Benjamin v. Delahay, 3 Ill. 574, 2 Scam. 574 (1840)

Dec. 1840 · Illinois Supreme Court
3 Ill. 574, 2 Scam. 574

Charles Benjamin, plaintiff in error, v. Mark W. Delahay, defendant in error.

Error to Scott.

Where a written instrument upon which an action is brought, is set out, in hcec verba, in the declaration, it is unnecessary to file a copy of the same with the declaration.

This cause was heard in the Scott Circuit Court, at the October term, 1839, before the Hon. Samuel H. Treat and a jury. Verdict and judgment were rendered for the plaintiff for $ 1037,87. The defendant brought the cause to this Court by writ of error.
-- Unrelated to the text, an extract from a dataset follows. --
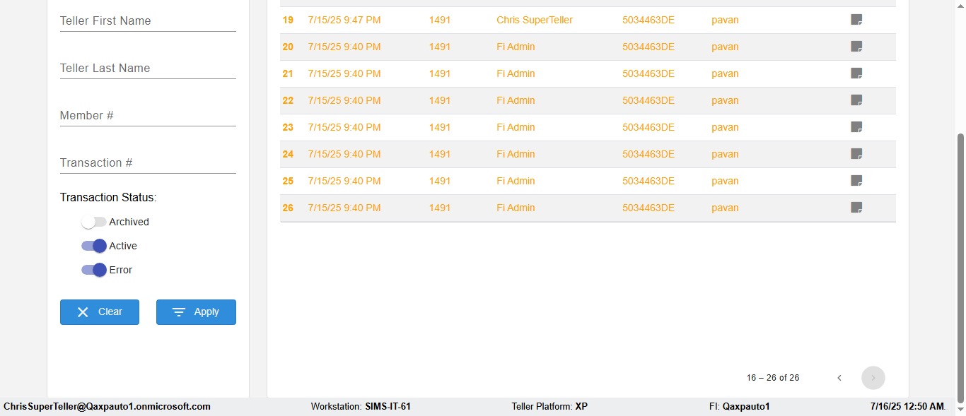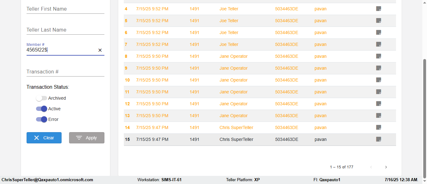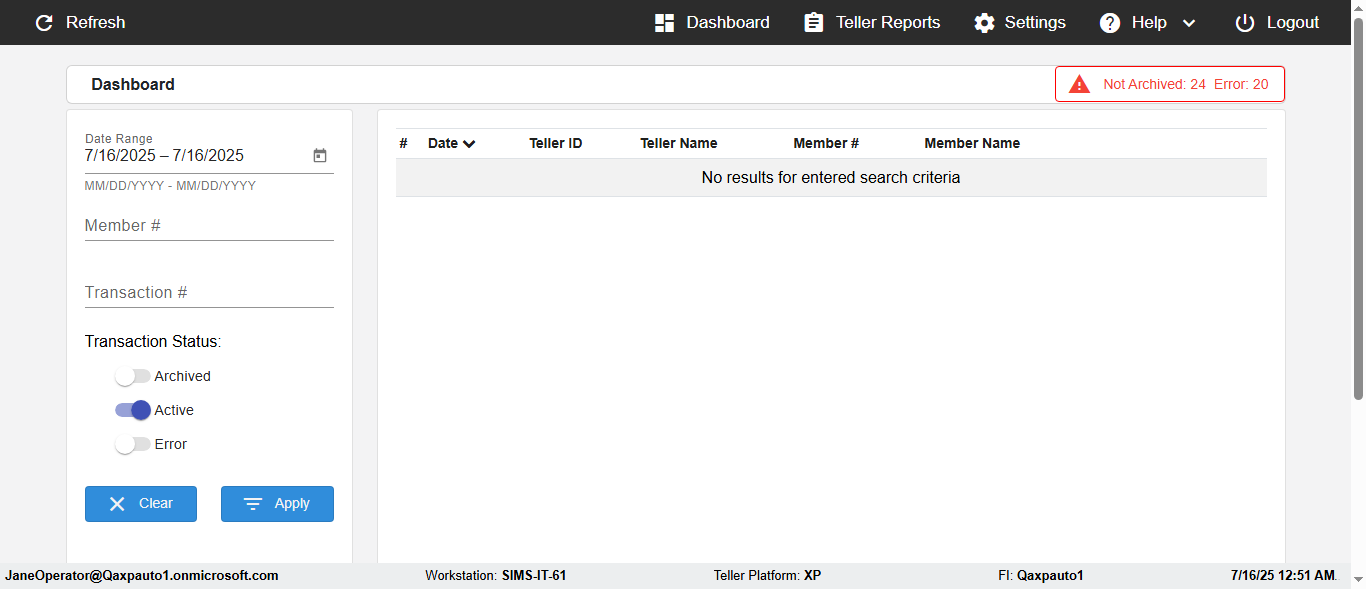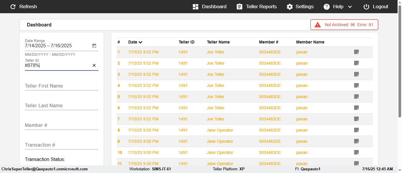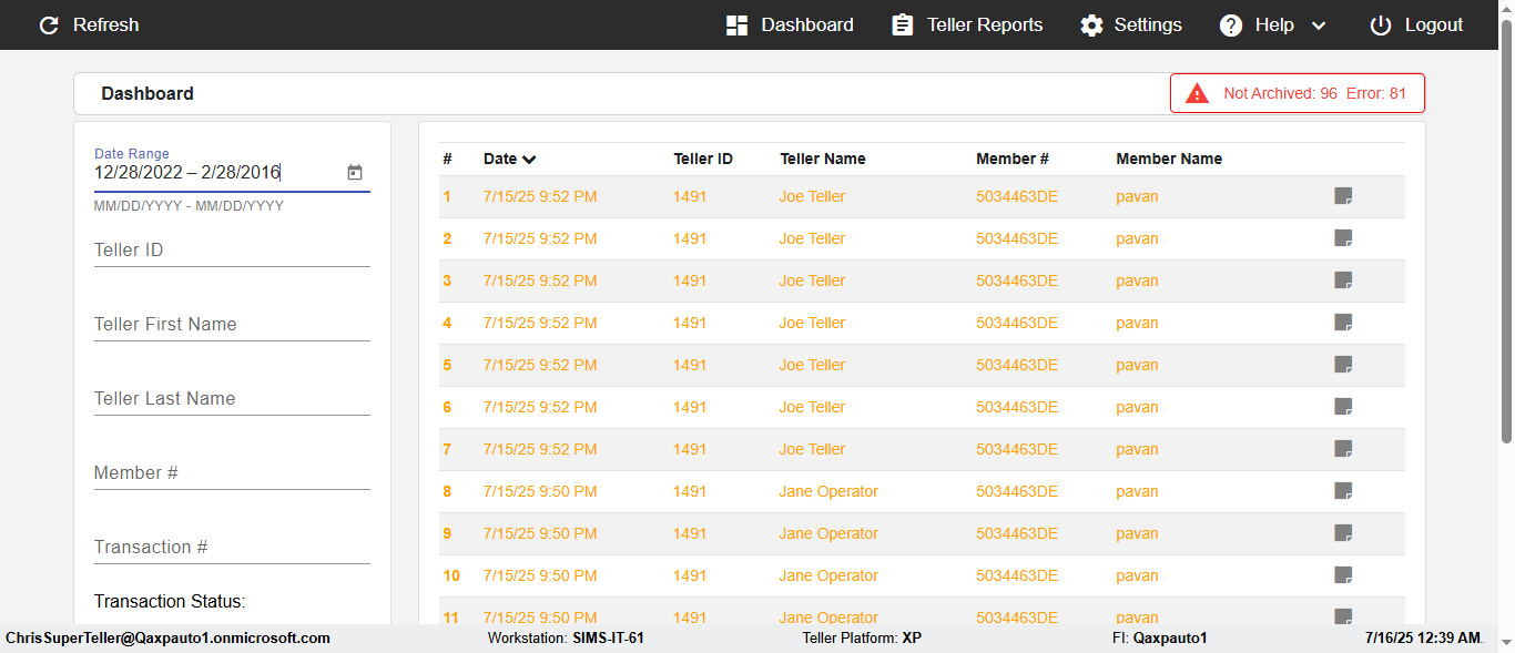 (Verify negative/invalid Search of the Date,Teller,Teller name,Member name in DashBoard page)

J. Lamborn, for the plaintiff in error.

M. McConnel and J. A. McDougall, for the defendant in error.

Treat, Justice,

delivered the opinion of the Court: (1)

This was an action of covenant brought on a bond for the payment of money.

The bond is set out, in /tree verba, in both counts of the declaration. ■

Previous to the trial in the Court below, the defendant moved the Court for a continuance of the cause, on the ground that no copy of the bond sued on had been filed. The motion was overruled, a trial had, and judgment rendered for the plaintiff.

The defendant now assigns for error the decision of the Court in overruling the motion for a continuance.

The sixth section of the practice act requires the plaintiff to file with his declaration, a copy of the instrument on which suit is brought, ten days before the Court, at which the process is returnable; and in default thereof, the Court shall continue the cause, on the application of the defendant, at the costs of the plaintiff. (2)

The object of this requisition is, that the defendant may be notified of the particular demand sought to be recovered.

The Court is of the opinion, that that object is as fully attained by a literal description of the instrument in the declaration, as by the filing of a detached copy; and that in this case the statute has been substantially complied with.

The judgment is therefore affirmed, with costs.

Judgment affirmed.

Note. See The People v. Pearson, 1 Scam. 458, 473.